RECORDS FOR THE EXERCISE:

--- START ---

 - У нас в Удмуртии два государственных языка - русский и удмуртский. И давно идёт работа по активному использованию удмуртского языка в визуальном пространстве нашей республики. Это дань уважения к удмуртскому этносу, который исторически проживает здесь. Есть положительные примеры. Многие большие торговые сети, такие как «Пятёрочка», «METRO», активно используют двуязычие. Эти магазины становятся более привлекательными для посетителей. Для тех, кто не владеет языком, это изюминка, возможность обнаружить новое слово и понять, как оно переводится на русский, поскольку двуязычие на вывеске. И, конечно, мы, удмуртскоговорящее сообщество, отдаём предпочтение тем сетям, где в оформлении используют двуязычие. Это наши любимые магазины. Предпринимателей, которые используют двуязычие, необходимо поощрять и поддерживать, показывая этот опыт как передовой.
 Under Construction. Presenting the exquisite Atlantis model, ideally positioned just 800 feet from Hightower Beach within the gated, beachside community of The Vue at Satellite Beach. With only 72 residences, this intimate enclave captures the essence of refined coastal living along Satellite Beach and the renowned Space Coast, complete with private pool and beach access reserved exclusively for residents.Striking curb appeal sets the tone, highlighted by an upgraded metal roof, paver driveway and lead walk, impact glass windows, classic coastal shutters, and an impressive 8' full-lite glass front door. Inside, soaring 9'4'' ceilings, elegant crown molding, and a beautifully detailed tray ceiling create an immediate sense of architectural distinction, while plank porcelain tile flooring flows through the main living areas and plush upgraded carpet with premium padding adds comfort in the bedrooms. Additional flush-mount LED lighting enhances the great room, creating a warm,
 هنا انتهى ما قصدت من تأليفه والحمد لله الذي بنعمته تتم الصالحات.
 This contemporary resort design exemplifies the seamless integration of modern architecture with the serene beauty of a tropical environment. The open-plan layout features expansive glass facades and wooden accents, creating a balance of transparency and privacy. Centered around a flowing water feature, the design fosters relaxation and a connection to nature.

--- END ---
--- START ---

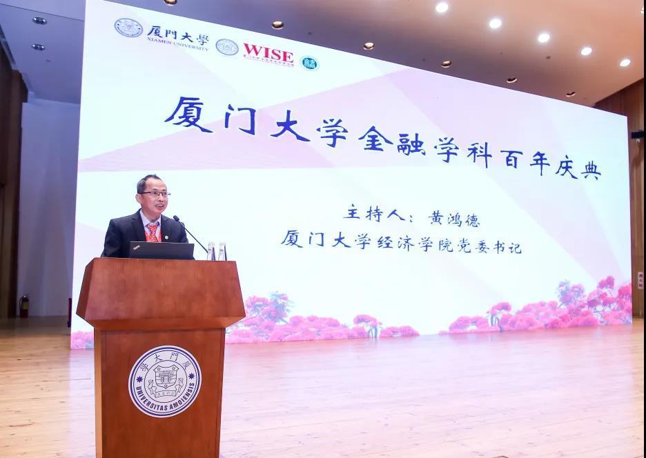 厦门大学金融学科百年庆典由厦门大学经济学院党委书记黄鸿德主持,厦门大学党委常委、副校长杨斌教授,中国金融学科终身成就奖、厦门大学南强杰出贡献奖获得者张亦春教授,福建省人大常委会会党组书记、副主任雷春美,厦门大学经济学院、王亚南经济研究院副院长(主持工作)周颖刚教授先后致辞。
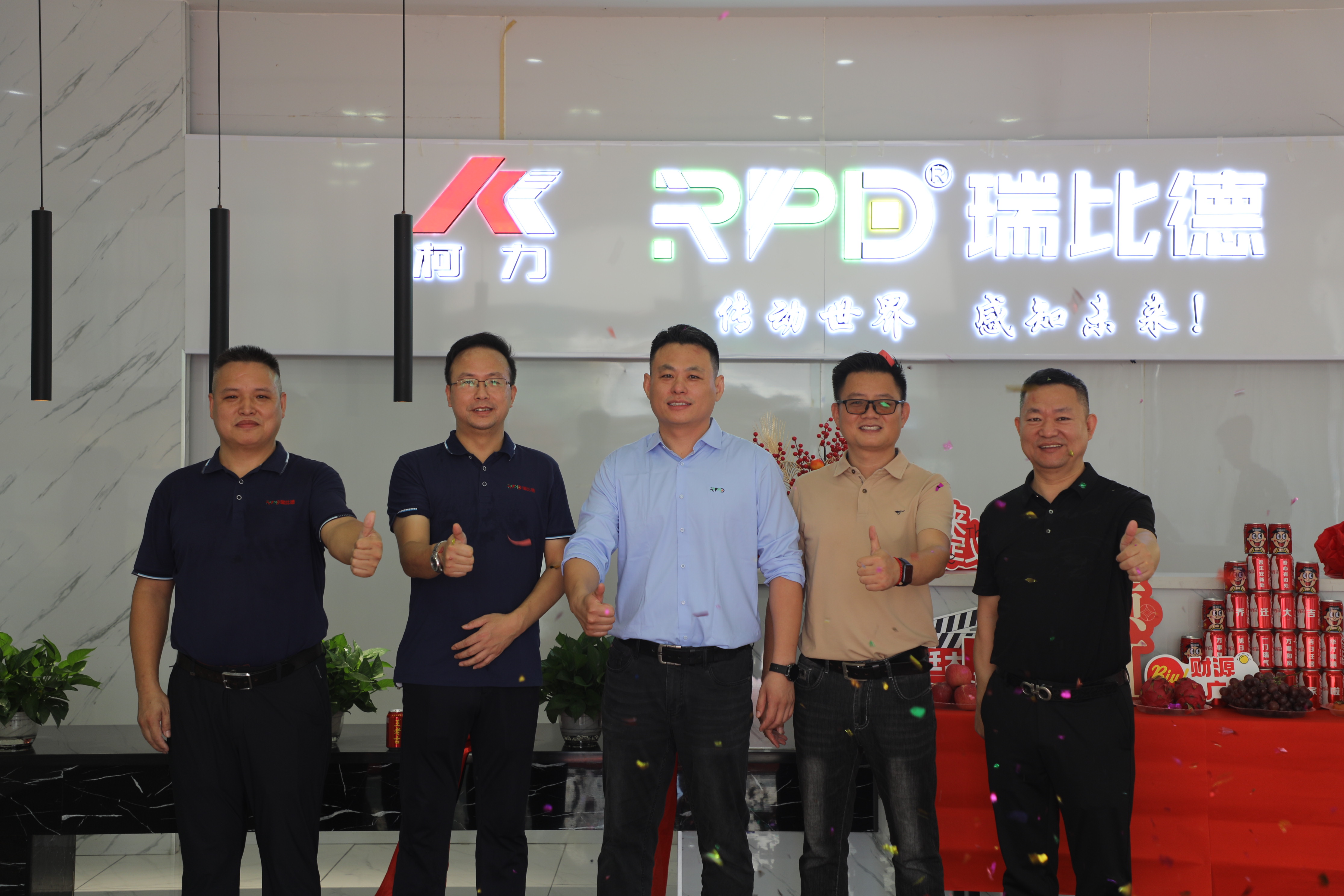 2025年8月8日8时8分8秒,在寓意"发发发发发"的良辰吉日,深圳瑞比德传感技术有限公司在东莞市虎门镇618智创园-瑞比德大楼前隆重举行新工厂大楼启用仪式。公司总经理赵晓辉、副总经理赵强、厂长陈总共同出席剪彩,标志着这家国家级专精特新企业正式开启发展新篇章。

--- END ---
--- START ---

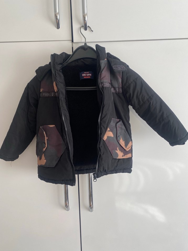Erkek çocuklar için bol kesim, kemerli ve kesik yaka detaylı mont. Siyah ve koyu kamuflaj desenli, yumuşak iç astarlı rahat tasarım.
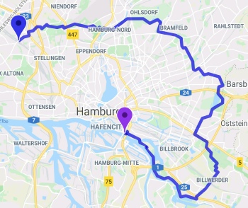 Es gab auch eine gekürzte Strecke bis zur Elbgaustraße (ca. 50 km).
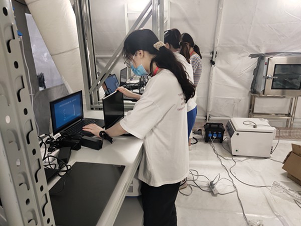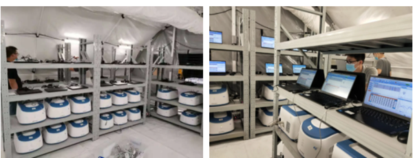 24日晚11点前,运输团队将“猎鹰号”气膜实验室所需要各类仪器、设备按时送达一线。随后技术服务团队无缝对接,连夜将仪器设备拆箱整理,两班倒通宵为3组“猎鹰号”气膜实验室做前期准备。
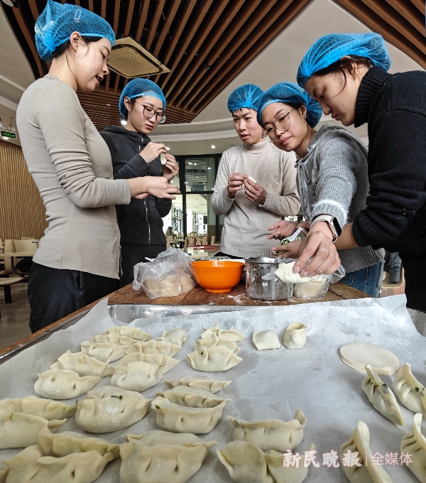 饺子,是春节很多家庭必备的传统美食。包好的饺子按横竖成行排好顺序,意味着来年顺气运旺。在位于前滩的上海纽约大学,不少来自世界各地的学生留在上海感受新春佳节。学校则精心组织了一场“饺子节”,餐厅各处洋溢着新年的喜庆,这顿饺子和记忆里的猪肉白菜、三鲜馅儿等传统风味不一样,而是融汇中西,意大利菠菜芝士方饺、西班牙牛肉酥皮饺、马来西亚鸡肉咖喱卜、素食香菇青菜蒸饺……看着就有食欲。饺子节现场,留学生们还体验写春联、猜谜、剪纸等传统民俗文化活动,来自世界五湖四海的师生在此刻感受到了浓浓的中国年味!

--- END ---

When you reach the line that has "Es gab auch" in the data above, start repeating lines exactly, and stop after the line that has "24日晚11点前,运输团队将"; pictures stay out.

RESPONSE TO THE EXERCISE:
 Es gab auch eine gekürzte Strecke bis zur Elbgaustraße (ca. 50 km).
 24日晚11点前,运输团队将“猎鹰号”气膜实验室所需要各类仪器、设备按时送达一线。随后技术服务团队无缝对接,连夜将仪器设备拆箱整理,两班倒通宵为3组“猎鹰号”气膜实验室做前期准备。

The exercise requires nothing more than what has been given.